• _Study material_:
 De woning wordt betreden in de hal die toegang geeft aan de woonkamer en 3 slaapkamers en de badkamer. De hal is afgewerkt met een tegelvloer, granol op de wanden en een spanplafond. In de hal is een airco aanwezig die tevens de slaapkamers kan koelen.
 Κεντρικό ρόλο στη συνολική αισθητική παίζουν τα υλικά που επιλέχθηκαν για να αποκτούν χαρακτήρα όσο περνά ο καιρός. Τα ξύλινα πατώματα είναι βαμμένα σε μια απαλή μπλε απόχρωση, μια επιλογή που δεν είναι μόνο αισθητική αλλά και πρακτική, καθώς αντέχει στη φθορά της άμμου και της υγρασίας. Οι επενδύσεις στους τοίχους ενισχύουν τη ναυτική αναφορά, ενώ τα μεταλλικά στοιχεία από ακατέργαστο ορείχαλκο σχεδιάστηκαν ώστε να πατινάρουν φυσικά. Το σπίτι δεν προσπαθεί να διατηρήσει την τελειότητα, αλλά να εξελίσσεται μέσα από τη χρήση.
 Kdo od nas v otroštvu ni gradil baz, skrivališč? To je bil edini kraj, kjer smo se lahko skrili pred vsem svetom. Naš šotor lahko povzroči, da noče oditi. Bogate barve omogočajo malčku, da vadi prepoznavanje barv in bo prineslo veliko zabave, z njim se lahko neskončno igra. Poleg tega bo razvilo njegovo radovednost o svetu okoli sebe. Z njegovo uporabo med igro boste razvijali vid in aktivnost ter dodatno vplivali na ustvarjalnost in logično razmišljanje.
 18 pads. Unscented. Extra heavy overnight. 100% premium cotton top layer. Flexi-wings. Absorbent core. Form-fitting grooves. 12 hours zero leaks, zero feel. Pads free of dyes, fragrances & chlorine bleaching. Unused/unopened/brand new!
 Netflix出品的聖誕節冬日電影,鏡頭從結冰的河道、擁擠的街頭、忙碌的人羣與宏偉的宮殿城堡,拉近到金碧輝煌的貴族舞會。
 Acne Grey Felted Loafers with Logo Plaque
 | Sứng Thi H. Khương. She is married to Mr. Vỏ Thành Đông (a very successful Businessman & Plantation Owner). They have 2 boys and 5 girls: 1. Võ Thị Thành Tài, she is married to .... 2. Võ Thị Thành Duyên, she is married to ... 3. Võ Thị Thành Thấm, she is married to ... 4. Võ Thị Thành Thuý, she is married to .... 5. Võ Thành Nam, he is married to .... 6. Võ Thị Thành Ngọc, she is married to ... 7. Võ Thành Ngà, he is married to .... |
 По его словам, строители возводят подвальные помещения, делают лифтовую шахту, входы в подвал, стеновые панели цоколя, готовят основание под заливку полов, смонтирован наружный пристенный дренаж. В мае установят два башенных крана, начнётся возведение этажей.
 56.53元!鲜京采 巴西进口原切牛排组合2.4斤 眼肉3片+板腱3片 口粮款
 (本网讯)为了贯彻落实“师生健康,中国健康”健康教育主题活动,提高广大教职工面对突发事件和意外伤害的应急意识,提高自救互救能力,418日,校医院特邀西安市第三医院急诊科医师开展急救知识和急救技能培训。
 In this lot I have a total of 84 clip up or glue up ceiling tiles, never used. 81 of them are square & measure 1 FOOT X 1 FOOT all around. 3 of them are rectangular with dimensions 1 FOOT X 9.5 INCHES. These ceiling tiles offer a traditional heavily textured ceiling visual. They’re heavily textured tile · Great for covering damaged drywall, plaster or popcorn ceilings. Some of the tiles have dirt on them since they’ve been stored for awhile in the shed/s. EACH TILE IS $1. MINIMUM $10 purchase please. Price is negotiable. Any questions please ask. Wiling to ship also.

• _Required action_:
Return the material above in full, exactly as written.

• _Answer below_:
 De woning wordt betreden in de hal die toegang geeft aan de woonkamer en 3 slaapkamers en de badkamer. De hal is afgewerkt met een tegelvloer, granol op de wanden en een spanplafond. In de hal is een airco aanwezig die tevens de slaapkamers kan koelen.
 Κεντρικό ρόλο στη συνολική αισθητική παίζουν τα υλικά που επιλέχθηκαν για να αποκτούν χαρακτήρα όσο περνά ο καιρός. Τα ξύλινα πατώματα είναι βαμμένα σε μια απαλή μπλε απόχρωση, μια επιλογή που δεν είναι μόνο αισθητική αλλά και πρακτική, καθώς αντέχει στη φθορά της άμμου και της υγρασίας. Οι επενδύσεις στους τοίχους ενισχύουν τη ναυτική αναφορά, ενώ τα μεταλλικά στοιχεία από ακατέργαστο ορείχαλκο σχεδιάστηκαν ώστε να πατινάρουν φυσικά. Το σπίτι δεν προσπαθεί να διατηρήσει την τελειότητα, αλλά να εξελίσσεται μέσα από τη χρήση.
 Kdo od nas v otroštvu ni gradil baz, skrivališč? To je bil edini kraj, kjer smo se lahko skrili pred vsem svetom. Naš šotor lahko povzroči, da noče oditi. Bogate barve omogočajo malčku, da vadi prepoznavanje barv in bo prineslo veliko zabave, z njim se lahko neskončno igra. Poleg tega bo razvilo njegovo radovednost o svetu okoli sebe. Z njegovo uporabo med igro boste razvijali vid in aktivnost ter dodatno vplivali na ustvarjalnost in logično razmišljanje.
 18 pads. Unscented. Extra heavy overnight. 100% premium cotton top layer. Flexi-wings. Absorbent core. Form-fitting grooves. 12 hours zero leaks, zero feel. Pads free of dyes, fragrances & chlorine bleaching. Unused/unopened/brand new!
 Netflix出品的聖誕節冬日電影,鏡頭從結冰的河道、擁擠的街頭、忙碌的人羣與宏偉的宮殿城堡,拉近到金碧輝煌的貴族舞會。
 Acne Grey Felted Loafers with Logo Plaque
 | Sứng Thi H. Khương. She is married to Mr. Vỏ Thành Đông (a very successful Businessman & Plantation Owner). They have 2 boys and 5 girls: 1. Võ Thị Thành Tài, she is married to .... 2. Võ Thị Thành Duyên, she is married to ... 3. Võ Thị Thành Thấm, she is married to ... 4. Võ Thị Thành Thuý, she is married to .... 5. Võ Thành Nam, he is married to .... 6. Võ Thị Thành Ngọc, she is married to ... 7. Võ Thành Ngà, he is married to .... |
 По его словам, строители возводят подвальные помещения, делают лифтовую шахту, входы в подвал, стеновые панели цоколя, готовят основание под заливку полов, смонтирован наружный пристенный дренаж. В мае установят два башенных крана, начнётся возведение этажей.
 56.53元!鲜京采 巴西进口原切牛排组合2.4斤 眼肉3片+板腱3片 口粮款
 (本网讯)为了贯彻落实“师生健康,中国健康”健康教育主题活动,提高广大教职工面对突发事件和意外伤害的应急意识,提高自救互救能力,418日,校医院特邀西安市第三医院急诊科医师开展急救知识和急救技能培训。
 In this lot I have a total of 84 clip up or glue up ceiling tiles, never used. 81 of them are square & measure 1 FOOT X 1 FOOT all around. 3 of them are rectangular with dimensions 1 FOOT X 9.5 INCHES. These ceiling tiles offer a traditional heavily textured ceiling visual. They’re heavily textured tile · Great for covering damaged drywall, plaster or popcorn ceilings. Some of the tiles have dirt on them since they’ve been stored for awhile in the shed/s. EACH TILE IS $1. MINIMUM $10 purchase please. Price is negotiable. Any questions please ask. Wiling to ship also.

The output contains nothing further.